DATA EXTRACT >>
= = = =

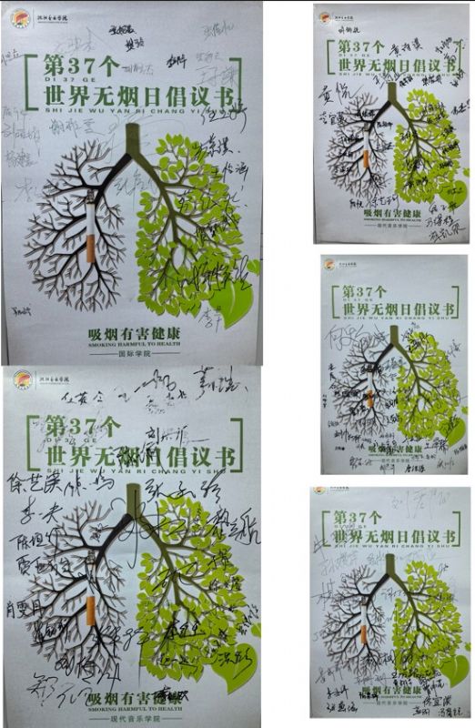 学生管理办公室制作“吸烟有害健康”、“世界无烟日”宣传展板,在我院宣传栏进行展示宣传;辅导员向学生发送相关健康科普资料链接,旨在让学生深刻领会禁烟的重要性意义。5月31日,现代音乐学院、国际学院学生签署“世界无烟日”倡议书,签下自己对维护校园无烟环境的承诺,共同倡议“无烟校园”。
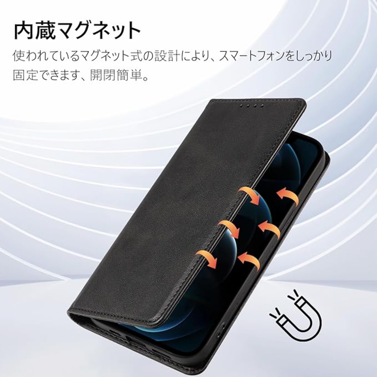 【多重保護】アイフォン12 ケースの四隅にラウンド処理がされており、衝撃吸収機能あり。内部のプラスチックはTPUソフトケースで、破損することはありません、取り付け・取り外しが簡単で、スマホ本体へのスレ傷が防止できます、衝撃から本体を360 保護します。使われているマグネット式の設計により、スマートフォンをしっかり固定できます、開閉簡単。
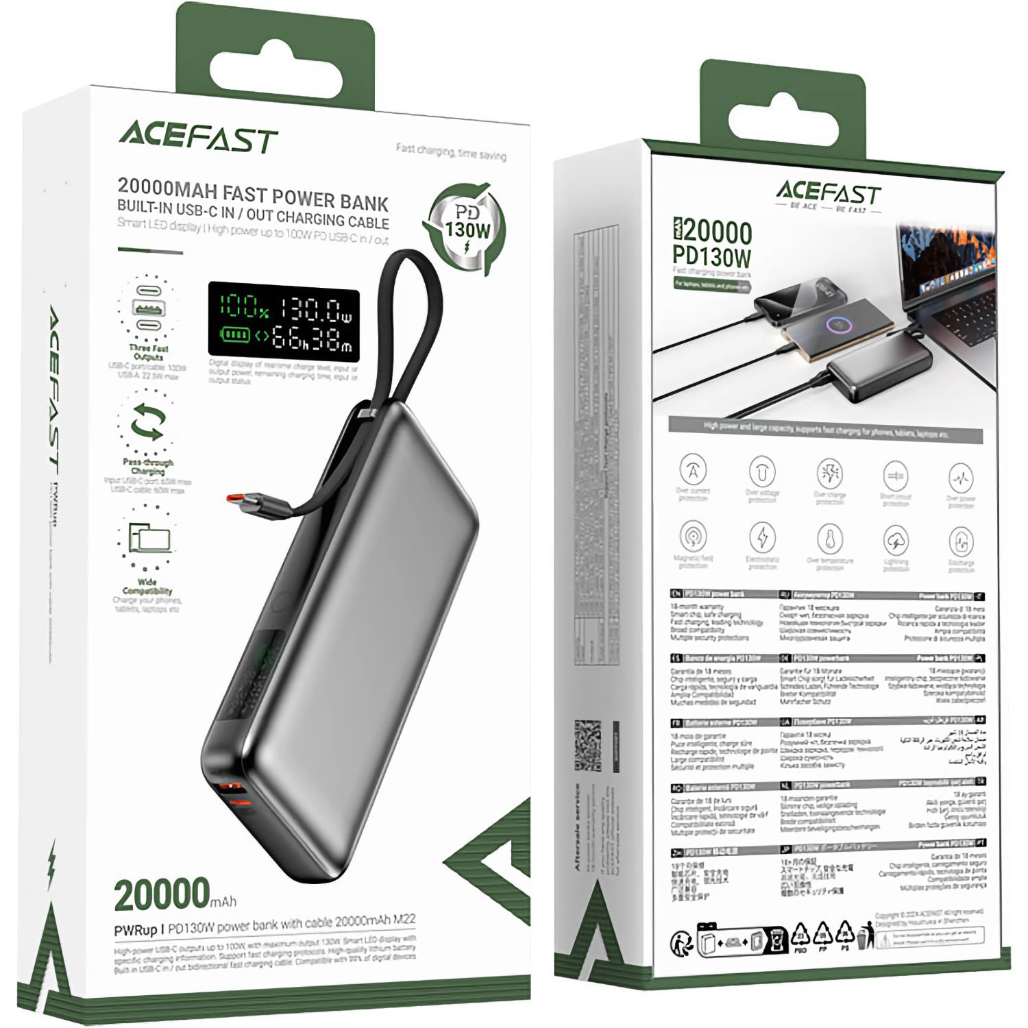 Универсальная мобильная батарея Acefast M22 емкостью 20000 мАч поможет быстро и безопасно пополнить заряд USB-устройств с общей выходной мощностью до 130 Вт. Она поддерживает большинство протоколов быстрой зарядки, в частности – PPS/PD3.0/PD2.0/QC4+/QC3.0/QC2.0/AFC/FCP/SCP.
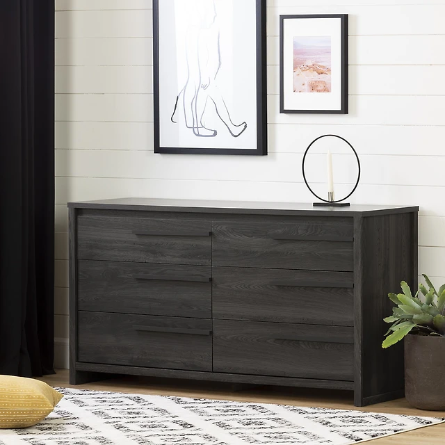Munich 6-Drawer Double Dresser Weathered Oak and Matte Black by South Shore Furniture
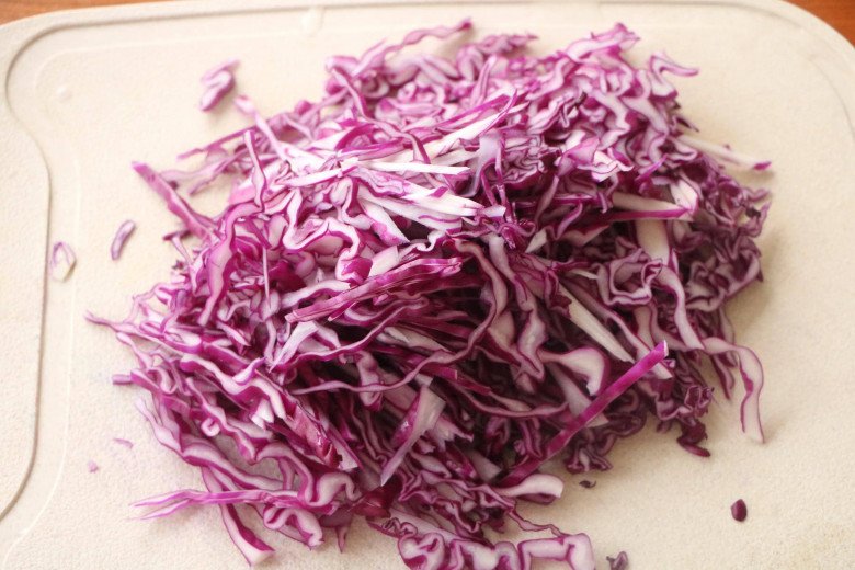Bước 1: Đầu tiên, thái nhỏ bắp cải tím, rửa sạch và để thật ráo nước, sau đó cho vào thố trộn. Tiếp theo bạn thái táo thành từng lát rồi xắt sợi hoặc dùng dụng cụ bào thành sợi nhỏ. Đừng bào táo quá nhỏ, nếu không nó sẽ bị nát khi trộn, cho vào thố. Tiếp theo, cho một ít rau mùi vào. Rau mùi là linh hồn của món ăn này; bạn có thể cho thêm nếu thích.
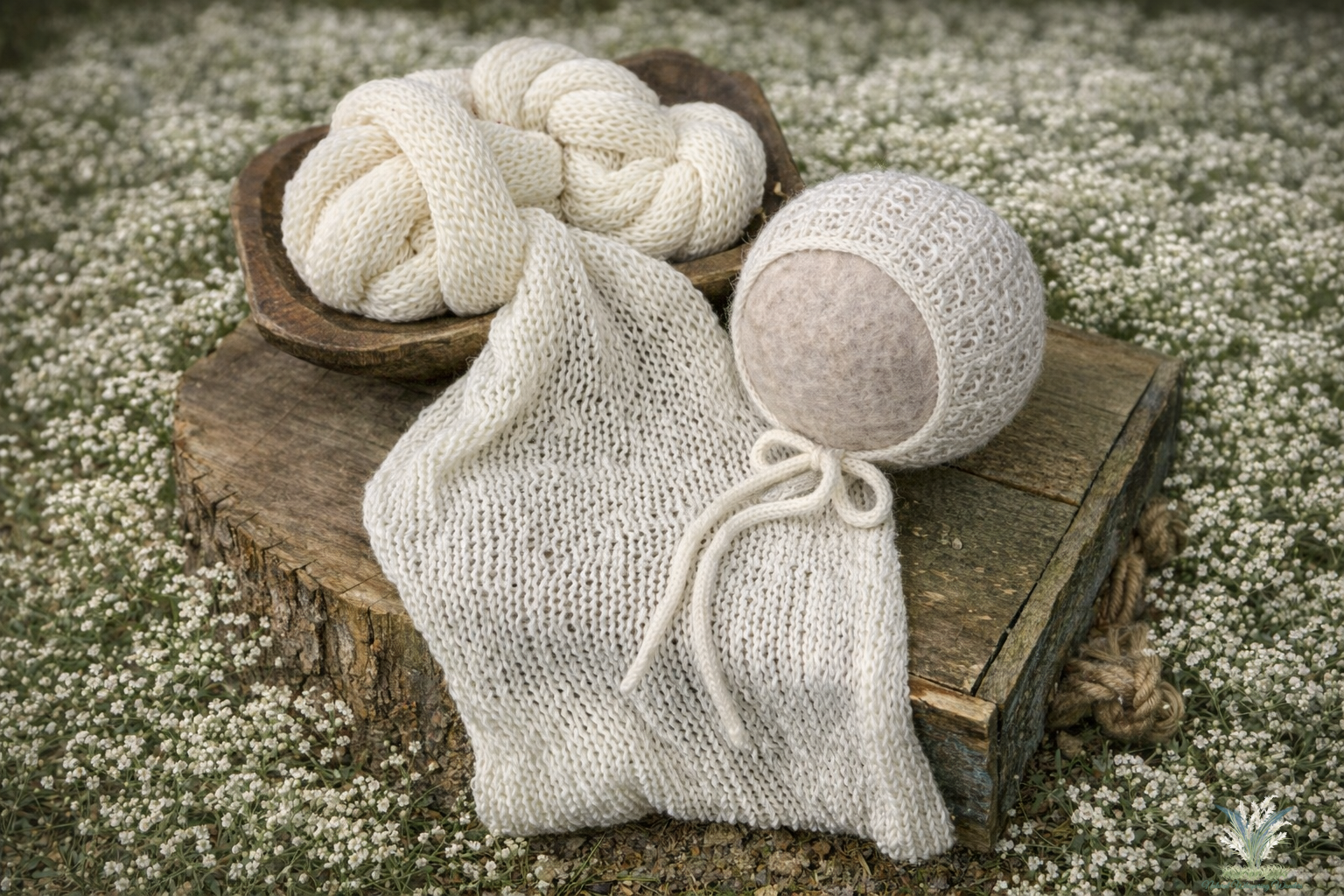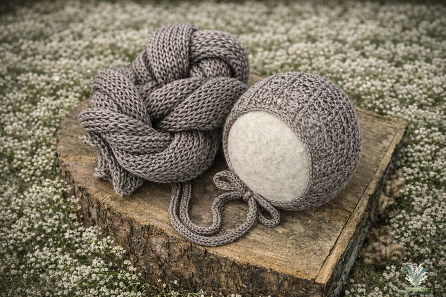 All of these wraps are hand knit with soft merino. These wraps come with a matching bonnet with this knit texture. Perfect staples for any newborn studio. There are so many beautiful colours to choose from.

= = = =

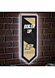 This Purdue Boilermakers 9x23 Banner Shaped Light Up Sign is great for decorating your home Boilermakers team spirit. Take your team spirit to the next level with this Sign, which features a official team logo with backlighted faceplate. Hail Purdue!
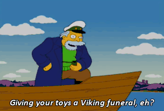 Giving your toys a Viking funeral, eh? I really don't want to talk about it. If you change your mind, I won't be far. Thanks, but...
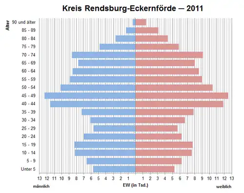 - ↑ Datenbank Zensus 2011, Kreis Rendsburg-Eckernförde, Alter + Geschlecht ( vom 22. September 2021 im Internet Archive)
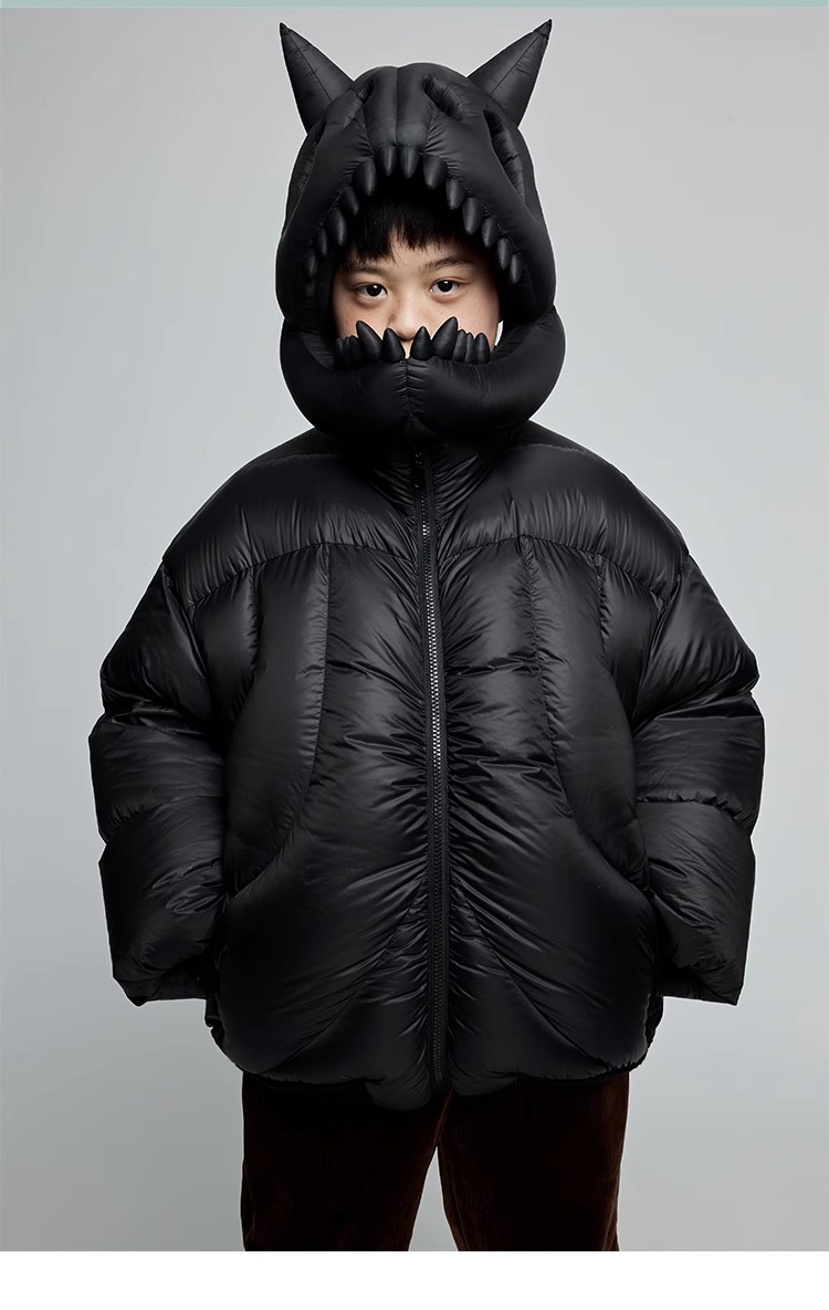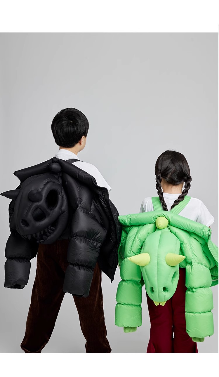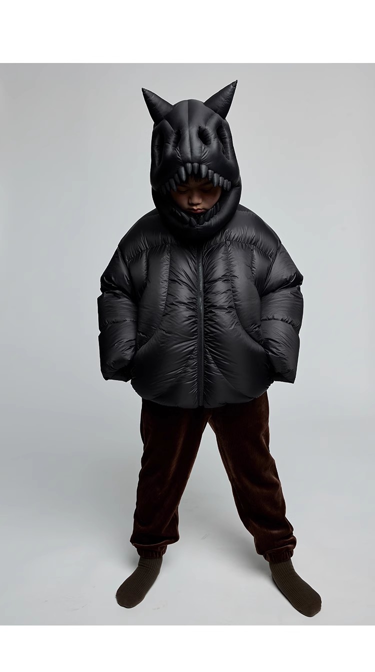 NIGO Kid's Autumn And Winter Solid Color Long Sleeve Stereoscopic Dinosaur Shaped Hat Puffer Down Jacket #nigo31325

= = = =

WHAT TO DO >>
Copy the listing above exactly, but only from the line with "- ↑ Datenbank" through the line with "NIGO Kid's Autumn", including those two lines and excluding any picture.

PROBLEM SOLUTION >>
 - ↑ Datenbank Zensus 2011, Kreis Rendsburg-Eckernförde, Alter + Geschlecht ( vom 22. September 2021 im Internet Archive)
 NIGO Kid's Autumn And Winter Solid Color Long Sleeve Stereoscopic Dinosaur Shaped Hat Puffer Down Jacket #nigo31325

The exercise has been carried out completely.